To summarize: General education should help us make sense of human experience. Human experience can be understood only in the context of the society within which it occurs. Societies must therefore be understood. Understanding societies requires that we think about them. The success of that effort hinges on the merit of the conceptual model used to select and organize information. For those within the dominant society in America, that conceptual model has five parts. General education in America should, at a minimum, clarify and elaborate the five and their relationships.

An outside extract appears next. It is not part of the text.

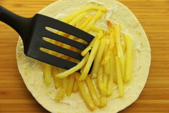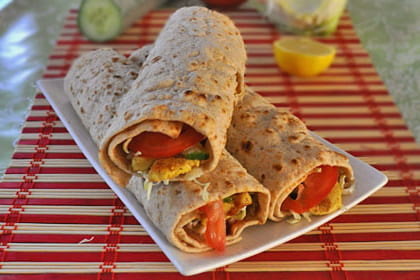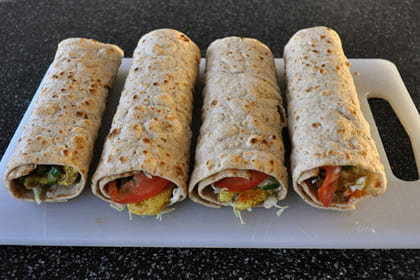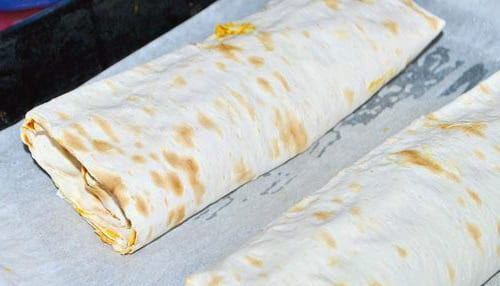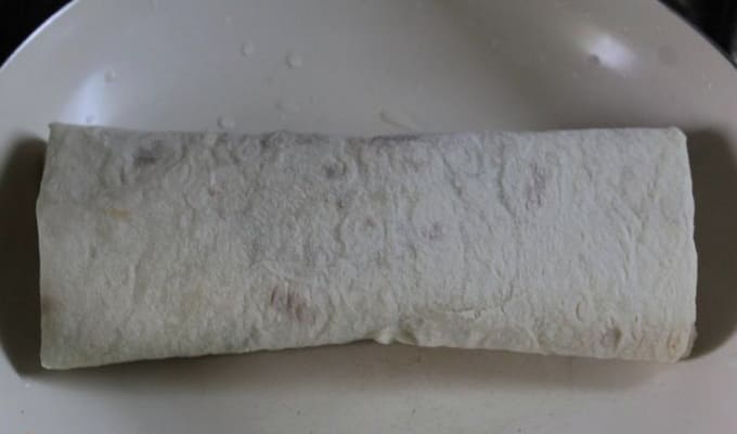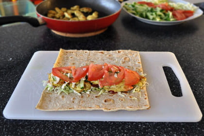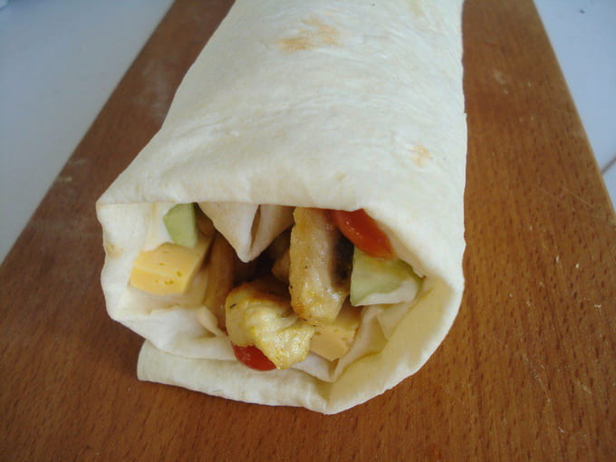 - Rol het pitabroodje met een envelop strak op zodat de vulling er niet uit valt.

A supradisciplinary curriculum that makes explicit our implicit model of reality will eliminate almost every identified difficulty with the traditional curriculum. Model awareness will tell us why we choose what we choose to teach, allow us to establish instructional priorities, enormously increase our understanding of ourselves, give us a sophisticated tool for the description and analysis of every culture, society and subsociety on earth, open the way to insightful analysis of the dynamics of social change, guarantee curricular relevance, provide a conceptual structure that meshes with what is known about how the mind organizes information, end major arguments over the literary canon, move us away from our emphasis on the mere mental storing of information toward knowledge-generating activity, and show us vast, important areas of knowledge neglected by the traditional curriculum.

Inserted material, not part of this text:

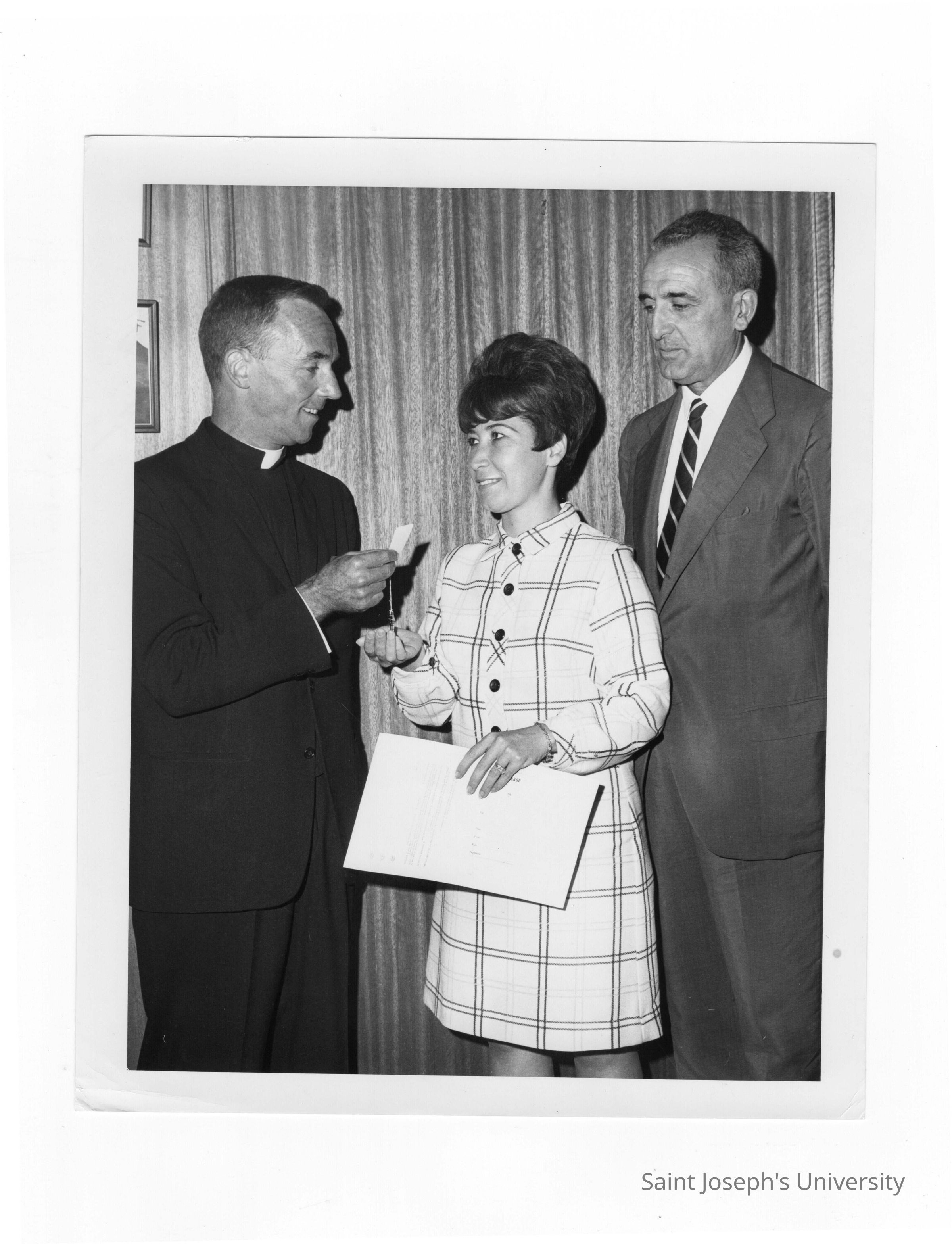 Pax Romana's 20th World Plenary Assembly meets at Saint Joseph's College, August, 1968. Terrence Toland, S.J. presents key to ghetto building to Mrs. Maria Cruz, Acting President of OPEN, while Dr. Joaquin Ruiz-Gimenez, President of Pax Romana, looks on.Entry/Object ID

And, finally, building general education upon our culture's accepted model of reality will erase the artificial boundaries between disciplines, courses and subjects, and logically relate and make mutually supportive everything taught. Not only will such a curriculum more accurately reflect the nature of our perceptions of reality, it will allow us to build a much more compact general studies curriculum, thereby freeing instructional time for students to pursue specializations reflecting their interests and aptitudes.


Sweeping claims? Yes. All this for an action as simple as making explicit our implicit model for the study of human experience? Absolutely. Skeptics might consider the probable reaction of Sir Isaac Newton's neighbors if he had called them out of their houses to hear that he had "discovered" gravity. Would they not have said, "We already know about that"? And would they not have been right? Nevertheless, Newton did an extraordinary thing: He moved his neighbors from mere knowing, to knowing what they knew. Reality had not changed, but perceptions of it had, and the consequences revolutionized physical science.


Our situation is much the same. We "know" that our basic categories for thinking about reality are humans, environment, meanings and values, and patterned action growing out of those meanings and values, with the whole set in time. We "know" that, within these categories, what is considered significant is that which, if it were different, would cause significant changes within other categories. These ideas are as simple, as obvious, and as natural to us as the idea of gravity. But until we know what it is that we know--until we make what we know explicit in the form of a formal, conscious model of reality, systematically organize and elaborate that model, and then tie all that is taught to it, we will fail to give our young the conceptual equipment they need to make the most sense, and the most, of human experience.